Exercise description
When you reach the line with "煎排骨稍干出油后,放白糖炒糖色。" in the records below, begin transcribing exactly and continue up to and including the line with "All in all a", leaving out every picture.

Records from a data source
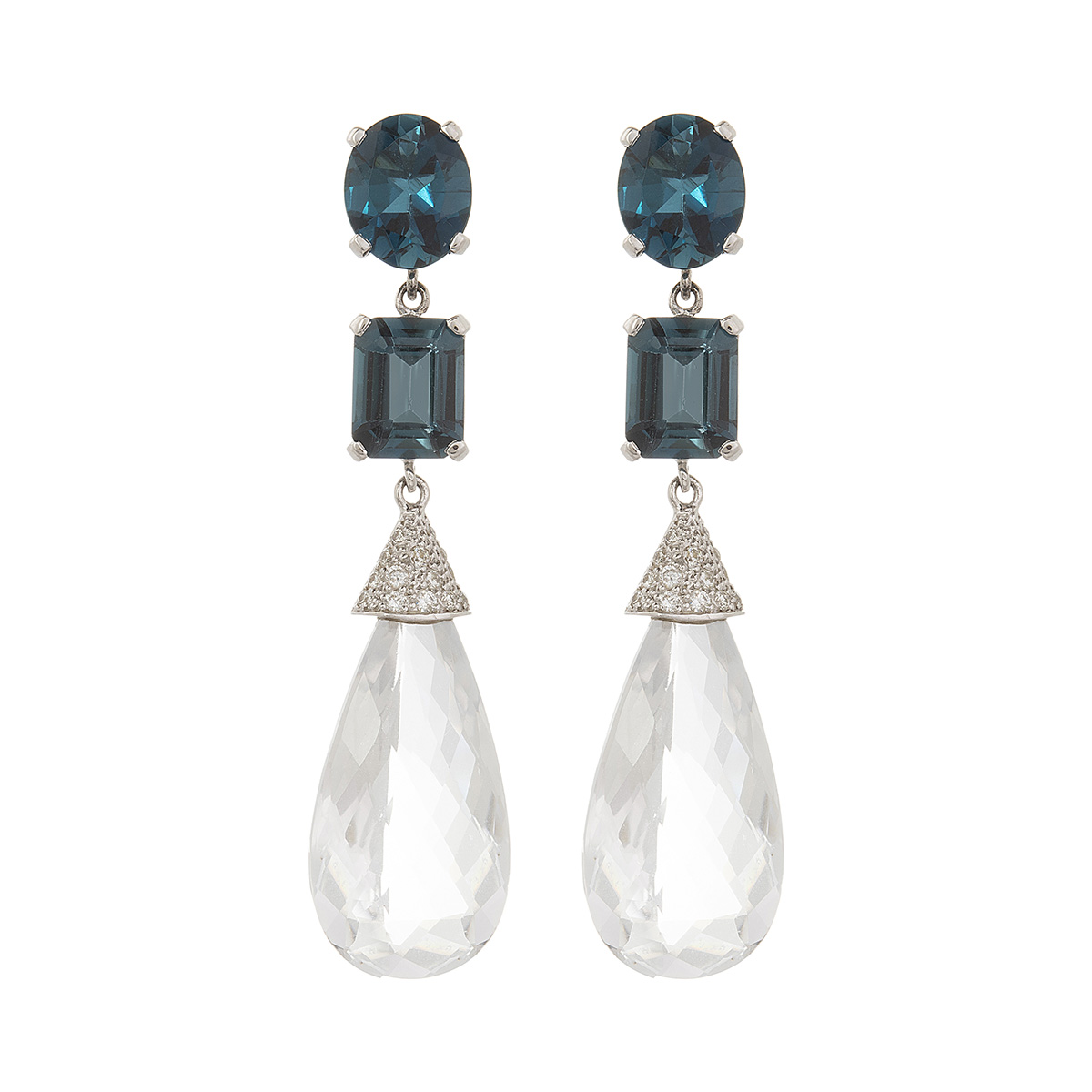 Brinco de ouro branco com topázios azuis, cristais, 0,50ct de brilhantes e 21,6g. Medida 6cm.
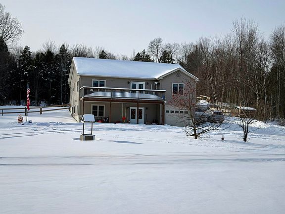 This well-built and beautiful home was constructed in 2008 and has been recently updated. Situated on 1.8 acres on a peaceful dead-end road, offering both privacy and comfort. The main living area boasts an open floor plan with a modern kitchen featuring new stainless steel appliances and sleek quartz countertops. The adjoining dining and living spaces are perfect for entertaining or family gatherings, with direct access to a spacious 30’x10’ deck. The main level includes two bedrooms, including the primary suite, and a second full bath with laundry. The lower level offers a versatile space with a third bedroom, an office or bonus room, a full bath, a second family area, and a playroom. Storage space available in the heated garage. Recent updates throughout the home include a mini-split heating & A/C system, whole house water filtration system, laminate flooring, updated light fixtures, fresh interior paint, and a generator. Outside, enjoy a mostly level yard with a serene pond, fenced dog yard, chicken coop, and relaxing hot tub. This home combines modern comforts with outdoor charm, making it a perfect retreat for both everyday living and entertaining. The mechanicals of the home include a propane boiler for baseboard and radiant heat, 200 amp electrical service with a generator transfer switch, a drilled well and private septic. Xfinity cable internet. 10 minutes to downtown Newport or 25 minutes to Jay Peak Resort. Well worth a look today!
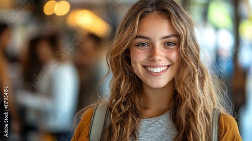 Bright smile of a young girl in a vibrant urban setting with a blurred background filled with people engaging in various activities
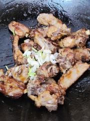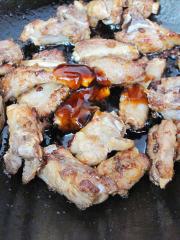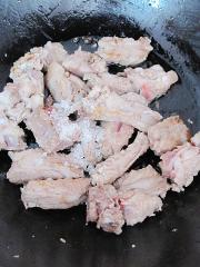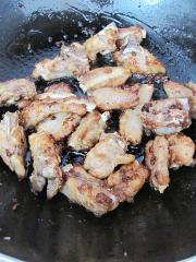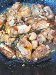 煎排骨稍干出油后,放白糖炒糖色。
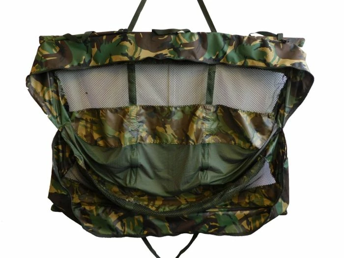 All in all a Large, Heavy duty, fish friendly retention sling designed to cope with the biggest of Carp. Comes complete with a draw-cord carry sleeve and is available in Woodland Camouflage and Olive Green.
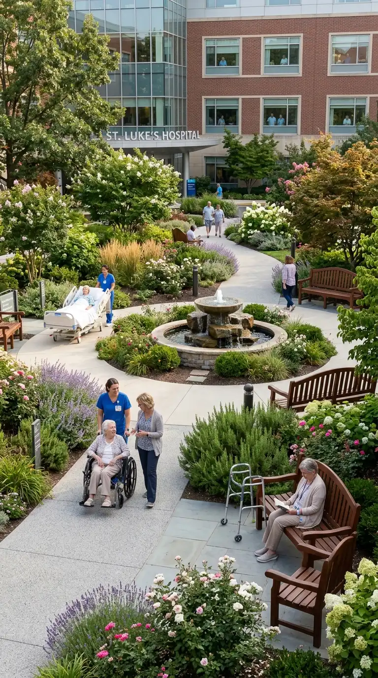 The healing garden is an outdoor space for patients, families, and staff. The garden has accessible paths, comfortable seating, shade, and plants. The healing garden reduces stress, lowers blood pressure, and speeds recovery. The healing garden is calm, restorative, and accessible.
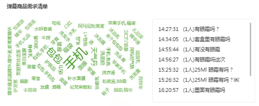 同时,我们通过“弹幕商品需求清单”发现除了直播间主推商品和抽奖商品外,但有不少观众在直播间中,留言想要“眼霜”,可以发现,广东夫妇的观众们对于护肤产品的需求是非常旺盛的。
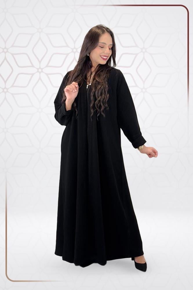 - الإضافات: الخياطة الدقيقة واللمسات الفاخرة تضفي على العباية طابعاً عصريًا وفخمًا.
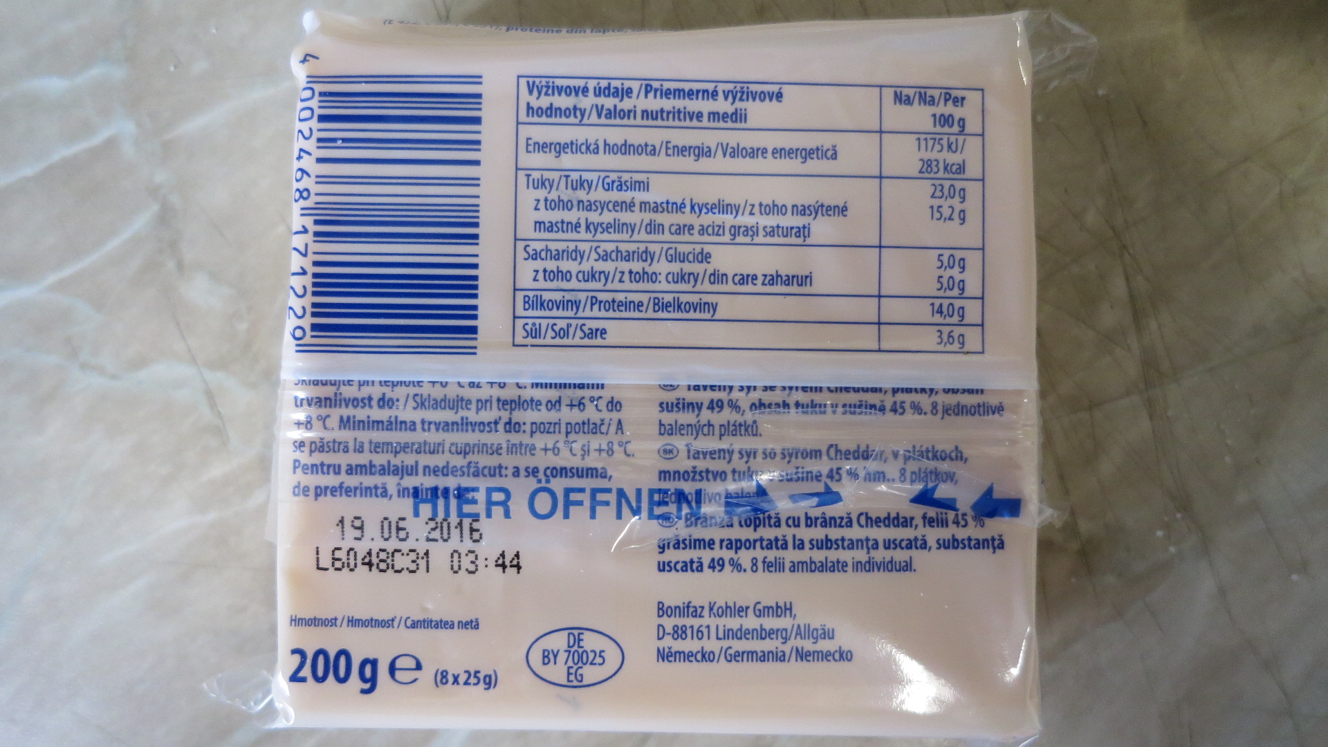 Cheesy Singles with Cheddar, 200 g, Tavený sýr se sýrem Cheddar s označením data minimální trvanlivosti do 19. 06. 2016, šarže L6048C31, výrobce Bonifaz Kohler GmbH D-88161 Lindenberg, Německo. Analýza prokázala pochybení u obsahu mléčné sušiny, které bylo naměřeno 47,27% oproti uváděným 49%. Spotřebitel tak byl uveden v omyl tvrzením na etiketě. Výrobek se nacházel v distribuci společnosti BILLA, spol. s. r. o.
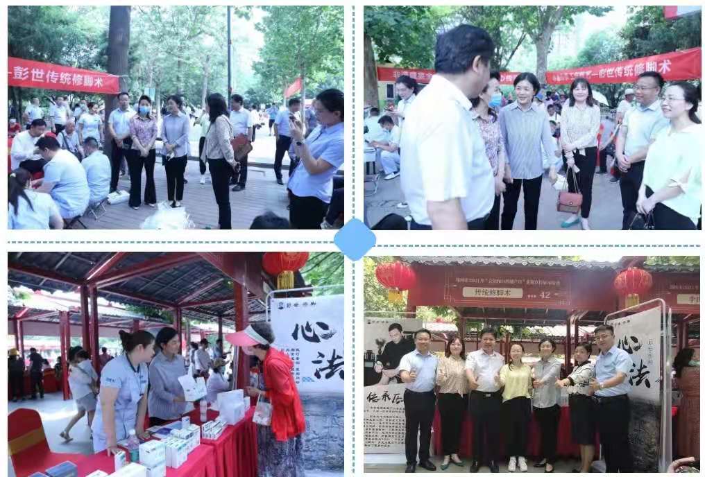 文化的孕育和传承穿越千年,文明的融汇和互鉴历久弥新。在中国共产党成立100周年,十四五开启奋进新征程之际,郑州市2021年“文化和自然遗产日”宣传展示活动在绿荫公园正式开幕。郑州市人民政府副秘书长李慧芳,郑州市文改办副主任、三级调研员王成福,金水区人民政府副县级干部王珂,金水区文化旅游体育局党组书记、局长许孔安,郑州市绿文广场管理中心绿荫公园主任申峰等领导出席了此次活动。彭世“传统修脚术”作为非物质文化遗产项目,再次受邀参加了本次非遗展演活动。
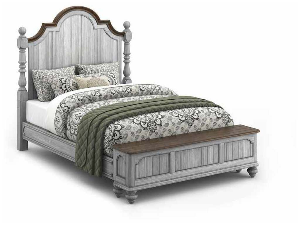 Product Description: Flexsteel W1047-90QS Plymouth Queen Storage Bed - Drift off to sleep in the cozy, cottage-style Plymouth Poster Storage Bed, featuring charming, paneled accents and detailed molding on the headboard and footboard. Available in Queen size as well as King and California King sizes, this bed is crafted with high-quality construction, ensuring it can be enjoyed for generations to come. The graceful, scalloped profile of the headboard and intricately carved posts make this bed a statement piece. The paneled footboard offers concealed, roomy storage for blankets, pillows or clothes, and provides a convenient place to perch while you put on your shoes. Finished in a distressed graywash highlighted by contrasting medium brown accents, the Plymouth poster bed brings warmth and character to any bedroom.

Answer to this problem
 煎排骨稍干出油后,放白糖炒糖色。
 All in all a Large, Heavy duty, fish friendly retention sling designed to cope with the biggest of Carp. Comes complete with a draw-cord carry sleeve and is available in Woodland Camouflage and Olive Green.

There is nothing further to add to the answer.